- “Portrait of Davis", as published on FindAGrave

= Frank Joseph Davis =

Radio and television personality in New Orleans, Louisiana USA

Frank Joseph Davis (1942—2013) was a radio and television personality in New Orleans, Louisiana, distinguished by his tag line "Naturally N'Awlins" that concluded his on-air interviews.

== Career ==
He served New Orleans television station WWL-TV and its radio affiliate WWL-AM, from 1974 until his health-related retirement in 2011. Davis's inaugural broadcast responsibility was a live sportsman's radio talk show, following a brief career with the Louisiana Department of Wildlife and Fisheries. His journalistic style shifted to on-air featured stories and interviews as his subject matter expanded from fishing in southeast Louisiana to the New Orleans Mardi Gras and the cuisine of New Orleans.

His outdoor sportsmen's reports tied together south Louisiana cuisine with the sport of fishing in a way that was said to be pioneering. Davis perennially covered Mardi Gras festivities for local television audiences from a St. Charles Avenue broadcast booth. His death was due to Chronic Inflammatory Demyelinating Polyneuropathy, a rare autoimmune disease.

Davis authored several cookbooks and other reference guides to the cuisine of New Orleans and to South Louisiana seafood. His culinary legacy included "bronzing", a toned-down version of blackening. He invented the "Strictly N'Awlins" series of seasonings. Davis's culinary papers were donated to the SoFab Culinary Library and Institute subsequent to his death.
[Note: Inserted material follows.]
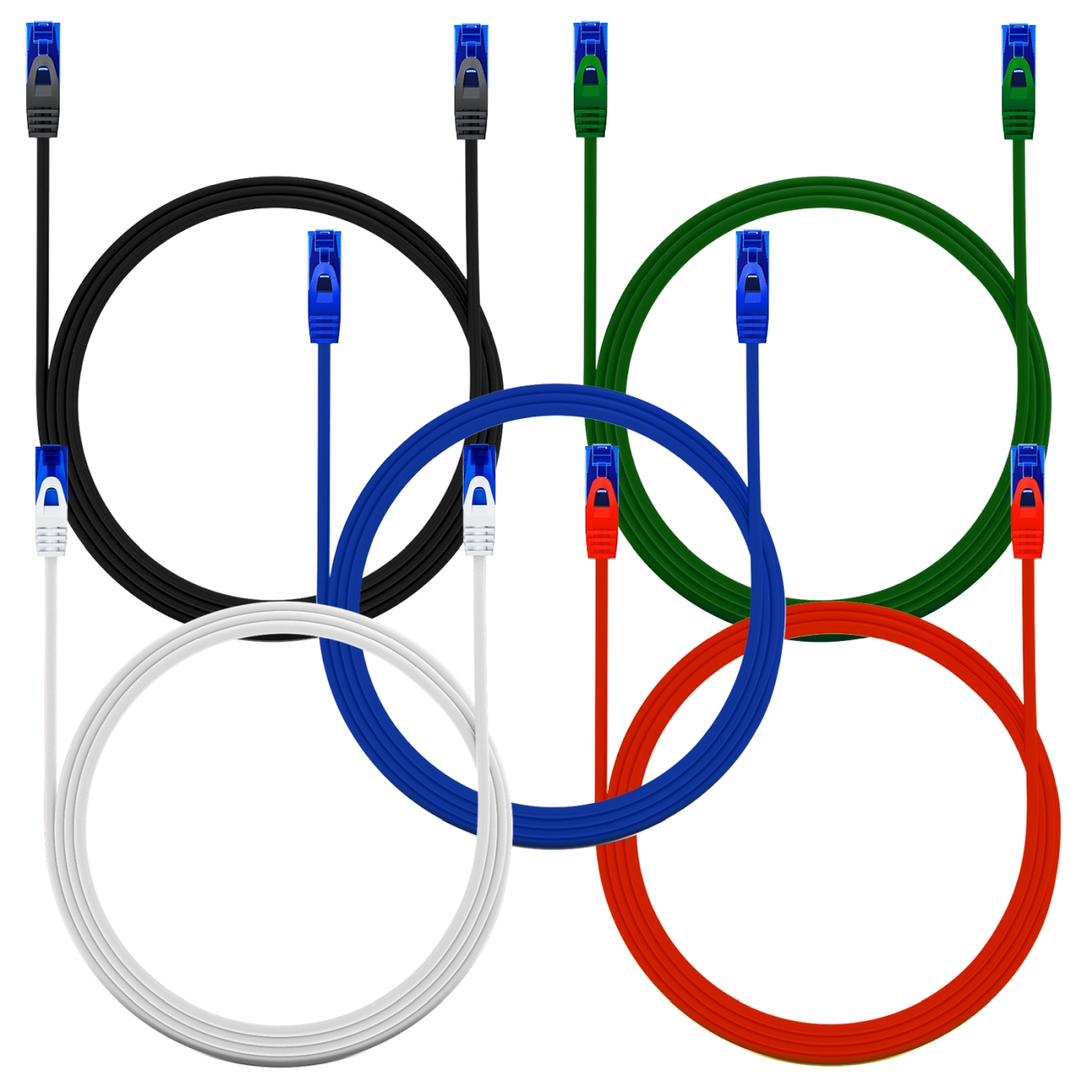 5x 0,25m CAT6 Flaches Netzwerkkabel 1,5mm Flachbandkabel U-UTP RJ45 Weiß
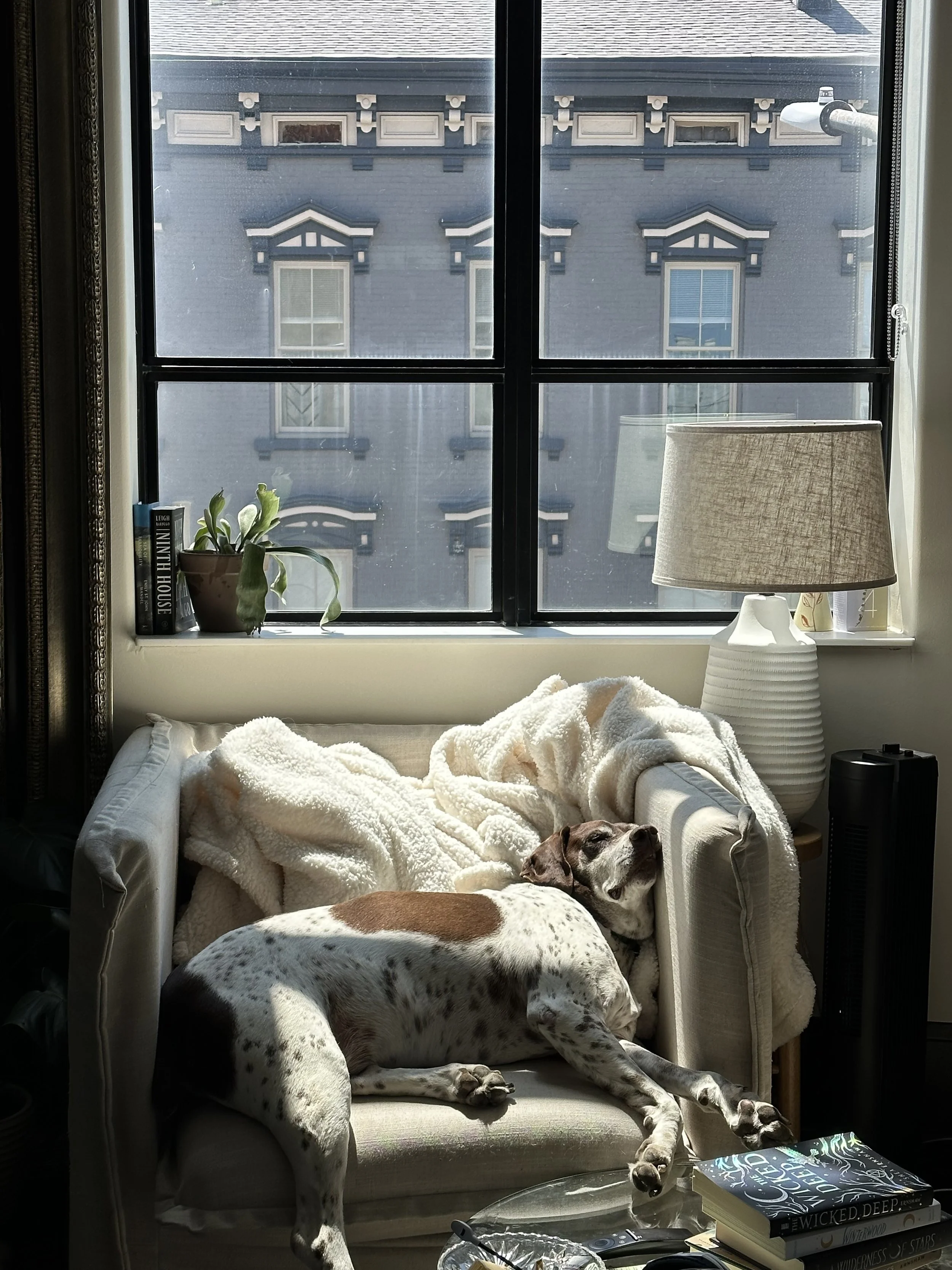 Red is my boy. He is a 13-year-old German Shorthaired Pointer that I got when I was 12 - I’m now 26. He turned 13 on 6/6/24, born in 2011. He had more energy than we knew how to handle, but thankfully we lived on a large cattle farm in central Kentucky until he was 7 (I was 19). We now live in a small historic bungalow with a much smaller yard and lots of strangers in the neighborhood for Red to sniff. Before, Red was unsure of other pups, pets, and people. Now, he‘s a total extrovert.

In 2014, the Louisiana State Legislature named the I-10 Twin Span Bridge that links Orleans Parish and St. Tammany Parish over the eastern end of Lake Pontchartrain the "Frank Davis 'Naturally N'Awlins' Memorial Bridge". This is an area where Davis often fished from boats in waters near the bridge.

==Selected books==
- Frank Davis Makes Good Groceries: A New Orleans Cookbook, Pelican Publishing, 1985, ISBN 1589805364.
- Frank Davis Cooks Naturally N'Awlins, Pelican Publishing, 1990, ISBN 0882897721.
- Frank Davis Cooks Cajun, Creole, and Crescent City, Pelican Publishing, 1994, ISBN 1565540557.
- Fisherman's Tackle Box Bible, Pelican Publishing, 2003, ISBN 9781589801288.
- The Frank Davis Seafood Notebook, Pelican Publishing, 2008, ISBN 0882893092.